Level 3 Completes Offering of $373.8 Million
of 15% Convertible Senior Notes due 2013

        BROOMFIELD, Colo., December 24, 2008—Level 3 Communications, Inc. (NASDAQ:LVLT) announced today that it has completed its previously announced offering of $373.8 million aggregate principal amount of its 15% convertible senior notes due 2013 (the "Notes").

        The Notes will mature in 2013 and pay 15% annual cash interest. The Notes are convertible by holders into shares of the Level 3 common stock at an initial conversion price of $1.80 per share, subject to adjustment upon certain events, at any time before the close of business on January 15, 2013. The Notes rank pari passu with all of the company's senior unsecured indebtedness.

        Level 3 announced yesterday the completion of each of its tender offers to purchase for cash any and all of its outstanding 2.875% Convertible Senior Notes due 2010, 6% Convertible Subordinated Notes due 2010. The aggregate purchase price for such notes is approximately $227.3 million, including accrued and unpaid interest on those notes through December 23, 2008. Level 3 also extended the tender offer for its 6% Convertible Subordinated Notes due 2009.

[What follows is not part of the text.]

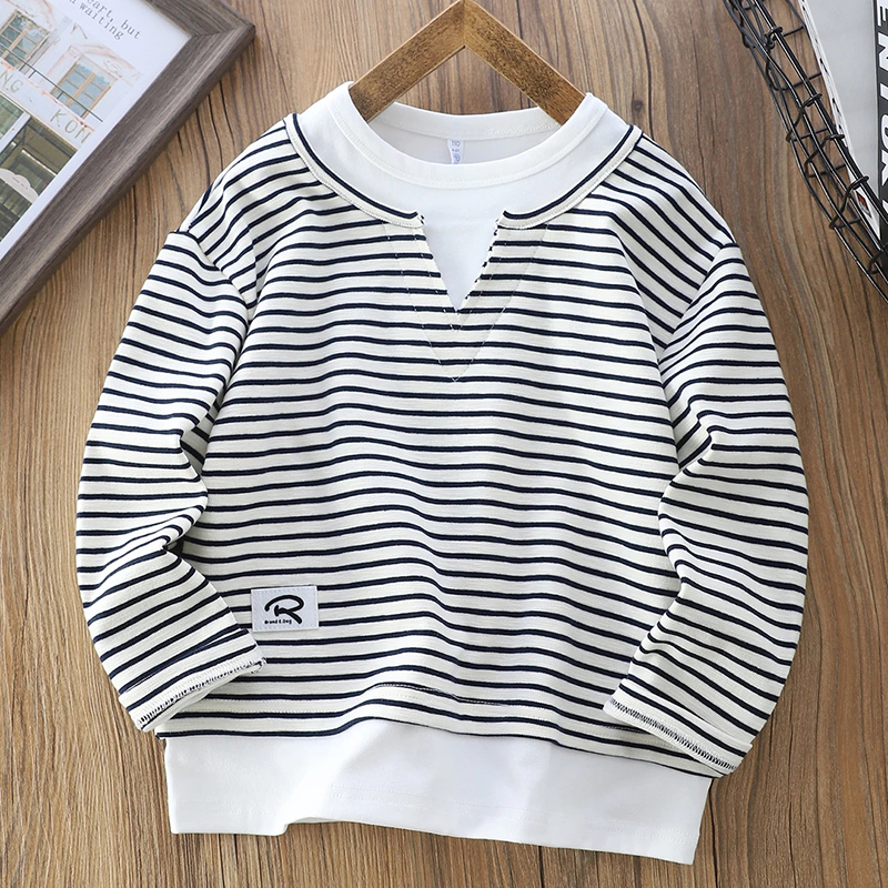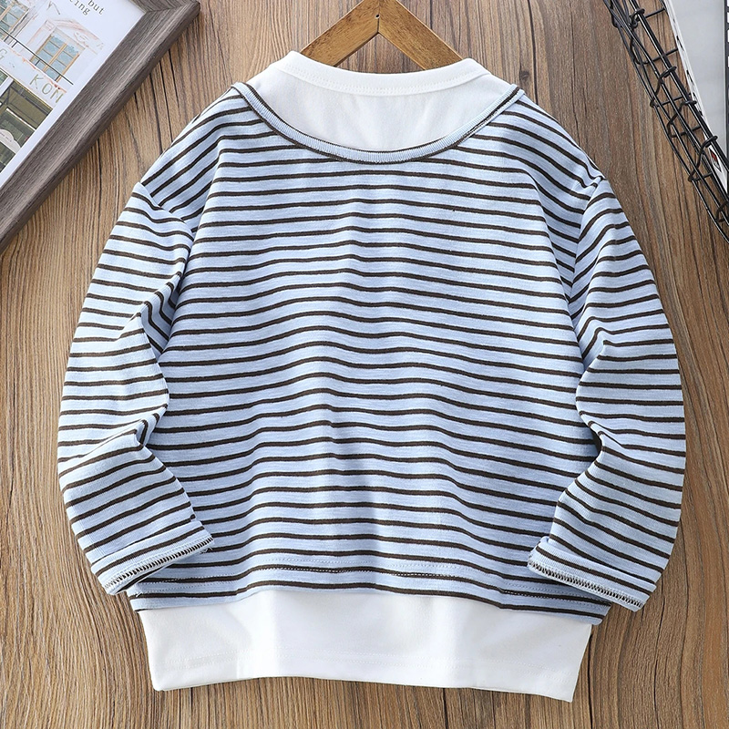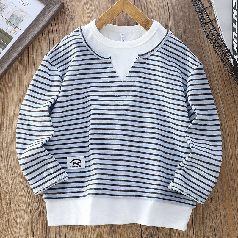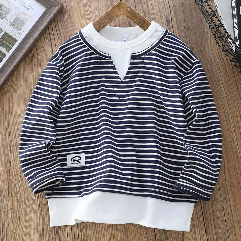 男童秋装纯棉假两件条纹打底衫长袖T恤中大童儿童洋气休闲上衣潮
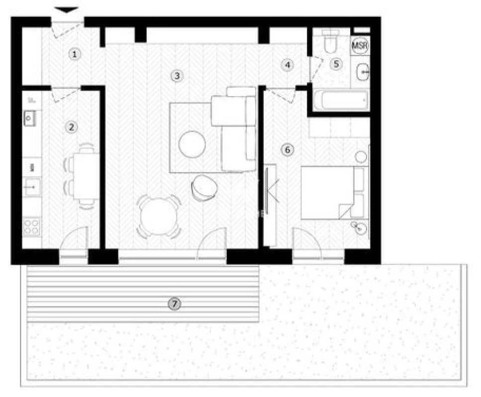 - Hol acces, living, bucatarie, dormitor, baie, terasa.

        Level 3 will use approximately $227.3 million of the net proceeds from the offering of the Notes to fund its repurchase of the notes including accrued interest tendered in the completed tender offers. The remaining net proceeds will be used to potentially repurchase, redeem or refinance existing indebtedness (including the company's pending tender offer for its 6% Convertible Subordinated Notes due 2009) from time to time, for acquisitions, to enhance liquidity and for general corporate purposes. The company incurred expenses of approximately $1 million in connection with the offering of the Notes.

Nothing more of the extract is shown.